Inform your doctor, nurse or pharmacist before using Levofloxacin Normon if you are unsure whether any of the above conditions apply to you.

During treatment with this medicine

• If you experience sudden, severe pain in your abdomen or back, which may be symptoms of aortic dissection or aneurysm, go immediately to an emergency department. The risk may be increased if you are receiving treatment with systemic corticosteroids.

• If you begin to experience sudden shortness of breath, especially when lying down, or notice swelling in your ankles, feet or abdomen, or the onset of palpitations (sensation of rapid or irregular heartbeat), inform your doctor immediately.

• If you begin to experience sudden, involuntary jerking, muscle spasms or muscle contractions – consult a doctor immediately, as these could be signs of myoclonus. Your doctor may need to discontinue treatment with levofloxacin and initiate appropriate therapy.

• If you experience fatigue, paleness of the skin, bruising, uncontrolled bleeding, fever, sore throat, a serious deterioration in your general condition, or a feeling that your resistance to infections may be reduced – consult a doctor immediately, as these could be signs of blood disorders. Your doctor should monitor your blood with blood counts. If blood counts are abnormal, your doctor may need to discontinue treatment.

In rare cases, joint pain and swelling, and inflammation or rupture of tendons may occur. The risk is higher if you are elderly (over 60 years), have received an organ transplant, have kidney problems, or are being treated with corticosteroids. Tendon inflammation and rupture may occur within the first 48 hours of treatment and even up to several months after stopping treatment with Levofloxacin Normon. At the first sign of tendon pain or inflammation (e.g., in the ankle, wrist, elbow, shoulder or knee), stop taking Levofloxacin Normon, contact your doctor, and rest the affected area. Avoid unnecessary physical activity, as this could increase the risk of tendon rupture.

In rare cases, you may experience symptoms of nerve damage (neuropathy) such as pain, burning, tingling, numbness, and/or weakness, especially in the feet and legs or in the hands and arms. If this occurs, stop taking levofloxacin Normon and inform your doctor immediately to prevent the development of a potentially irreversible condition.

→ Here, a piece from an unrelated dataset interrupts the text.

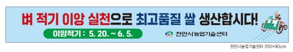[충청뉴스큐] 천안시농업기술센터는 최고품질 흥타령쌀 생산을 위해 오는 7일부터 20일까지를 적기 모내기 중점 지도기간으로 정하고 현수막 게시를 통한 홍보 및 적극적인 현장지도에 나섰다고 8일 밝혔다.
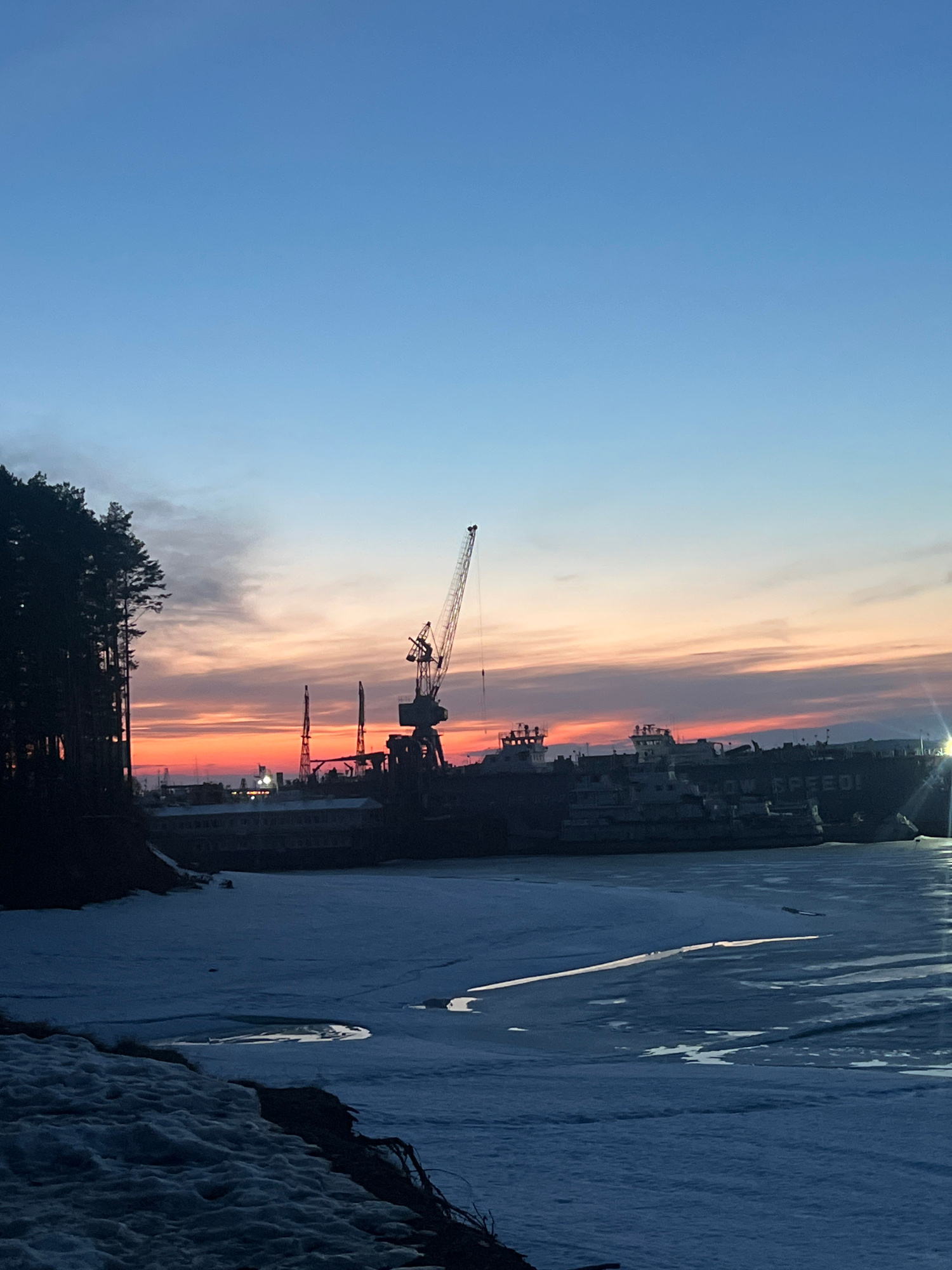 The image is a horizontally oriented, slightly low-angle shot of a twilight scene in what is likely the city of Chaikovsky, Russia. A sky gradient transitions from blue in the upper left to peach/oran…read more

Severe disabling, prolonged, and potentially irreversible adverse effects.

Antibacterial medicines containing fluoroquinolones or quinolones, including levofloxacin Normon, have been associated with very rare but serious adverse effects, some of which were long-lasting (persisting for months or years), disabling, or potentially irreversible. These include tendon, muscle, and joint pain in the upper and lower limbs, difficulty walking, abnormal sensations such as pricking, tingling, pins and needles, numbness, or burning (paresthesia), sensory disturbances such as decreased vision, taste, smell, and hearing, depression, memory impairment, severe fatigue, and serious sleep disorders.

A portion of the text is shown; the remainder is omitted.